Description of the task: Give the listing again in full and exactly, apart from its pictures.

START Information provided

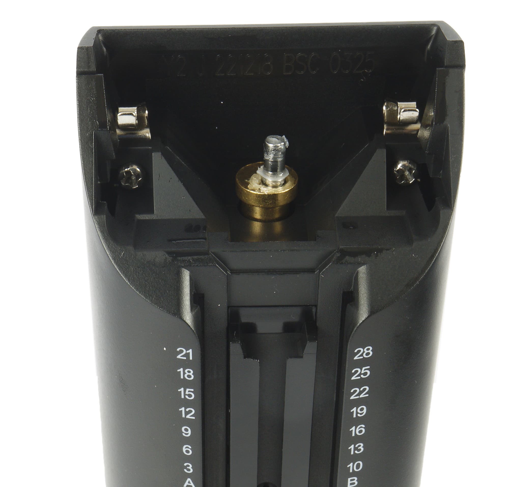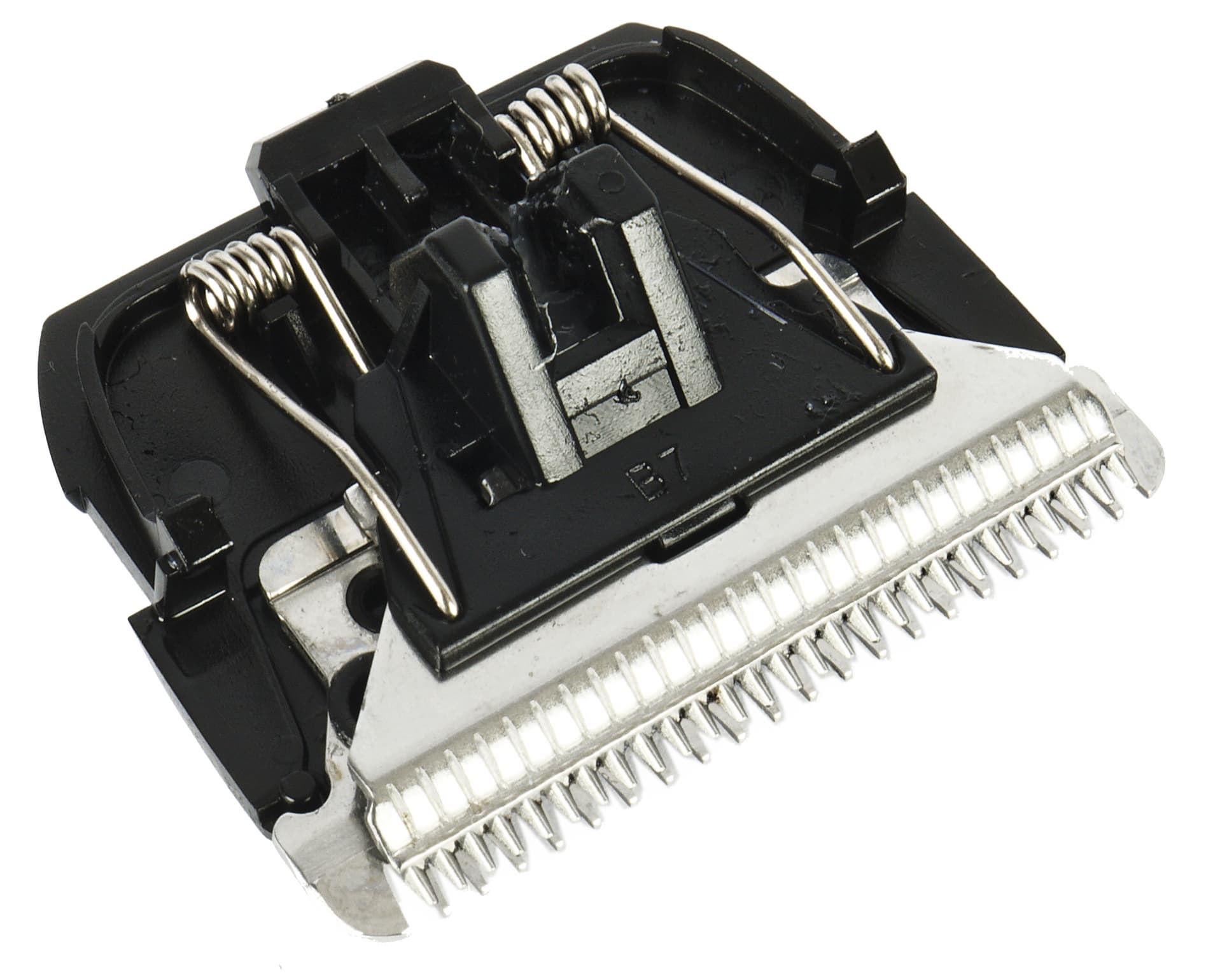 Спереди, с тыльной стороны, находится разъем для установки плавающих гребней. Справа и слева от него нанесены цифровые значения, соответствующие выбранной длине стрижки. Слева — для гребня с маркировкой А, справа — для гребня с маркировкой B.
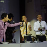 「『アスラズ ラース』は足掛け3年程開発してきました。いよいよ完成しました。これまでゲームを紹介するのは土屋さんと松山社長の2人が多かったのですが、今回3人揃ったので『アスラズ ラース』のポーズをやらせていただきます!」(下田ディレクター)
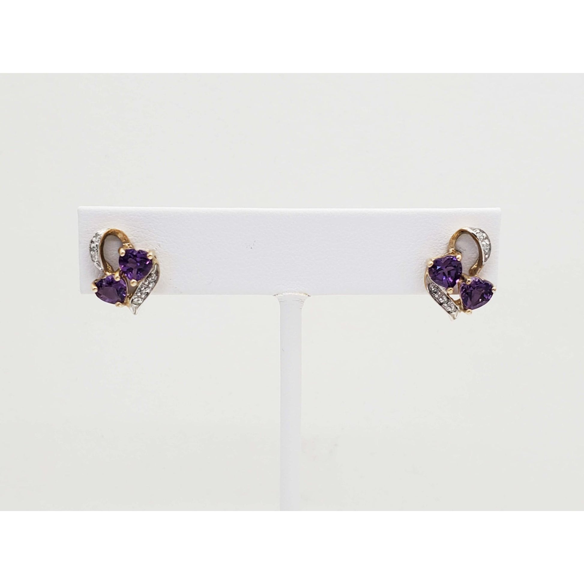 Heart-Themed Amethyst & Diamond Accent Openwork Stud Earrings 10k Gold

END Information provided

Exercise solution:
 Спереди, с тыльной стороны, находится разъем для установки плавающих гребней. Справа и слева от него нанесены цифровые значения, соответствующие выбранной длине стрижки. Слева — для гребня с маркировкой А, справа — для гребня с маркировкой B.
 「『アスラズ ラース』は足掛け3年程開発してきました。いよいよ完成しました。これまでゲームを紹介するのは土屋さんと松山社長の2人が多かったのですが、今回3人揃ったので『アスラズ ラース』のポーズをやらせていただきます!」(下田ディレクター)
 Heart-Themed Amethyst & Diamond Accent Openwork Stud Earrings 10k Gold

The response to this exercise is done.